September 13, 1988 Dear Doug, Just a note to congratulate you on your new appointment. I say “congratulate,” but just possibly mean “commiserate.” Because of the stories and rumours – and I certainly did not invite them, nor did I want to hear them – I’m not surprised about Adrienne Clarkson’s executive departure. It has been in the cards for some months. She is an extremely intelligent lady, but it would’ve surprised me if she’d managed to survive in that new role for very long. Well, you have the know-how and the experience, and it should work extremely well. Obviously, you’re going to be busier than a one-armed paper-hanger for a while, but it will work out. Don’t bother acknowledging this letter – you have enough to do. Just know that I am pleased personally to have the old firm with Doug Gibson as publisher. Cheers, Jack
Everybody read together
Canada’s 1967 centennial party inspired a greater legacy than that catchy “Ca-na-da” tune. Wanting to spruce up the country for the celebration, three levels of government co-funded more than 2,500 civic projects, including 144 public libraries and Ottawa’s new $13-million National Library of Canada building.
Architecturally, the libraries symbolized a new way of thinking about public spaces, as traditional Carnegie columns made way for a stripped-down modernist style, with an emphasis on open-concept interiors.
The approach continued well into the next decade, with the 1977 construction of the internationally admired Metropolitan Toronto Reference Library (above), featuring central curving staircases and open stacks.
Marshall McLuhan on the dew-line
From 1968 to 1970, real-life Don Drapers sucked back martinis while reading the Marshall McLuhan Dew-Line Newsletter. More like a school bulletin than a glossy magazine, the publication promoted itself as an “Early Warning System for our era of instant change!” featuring McLuhan’s analyses of topics such as “The Computer data-bank as the dissolution of private life.”

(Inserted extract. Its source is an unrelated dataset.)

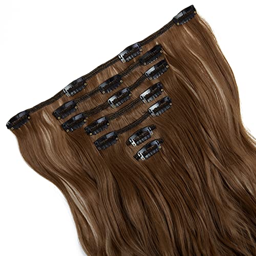 ZAIQUN Extension per capelli con clip, 7 pezzi, 16 clip, 64 cm, ondulati, ricci, sintetici, extension per capelli rossi, con clip a doppia trama
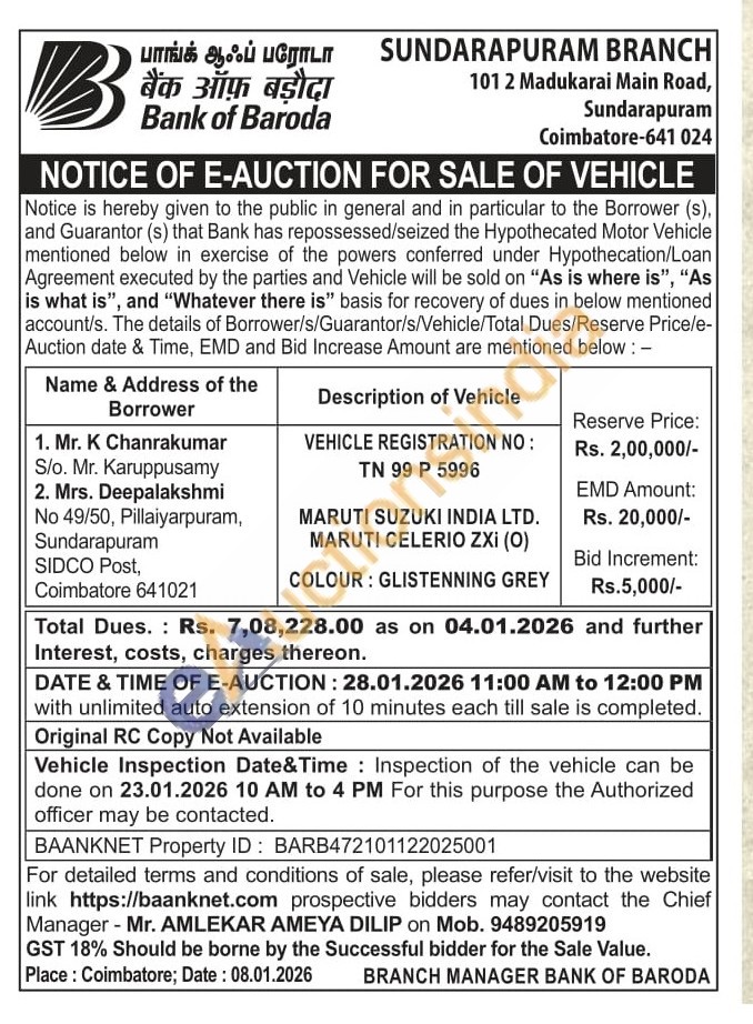 VEHICLE REGISTRATION NO: TN99P5996 MARUTI SUZUKI INDIA LTD. MARUTI CELERIO ZXI (O) COLOUR: GLISTENNING GREY B

According to McLuhan biographer Philip Marchand, the project was conceived by New York publisher Eugene Schwartz. Its high-powered ad-executive subscribers received posters, recordings, and, for an extra five dollars, playing cards featuring McLuhan quotes designed to prompt “spur-of-the-moment thinking.”
Begun in the 1950s under the aegis of editor Malcolm Ross and designer Frank Newfeld, McClelland & Stewart’s New Canadian Library paperback reprint series has been largely responsible for defining the CanLit canon for a half century.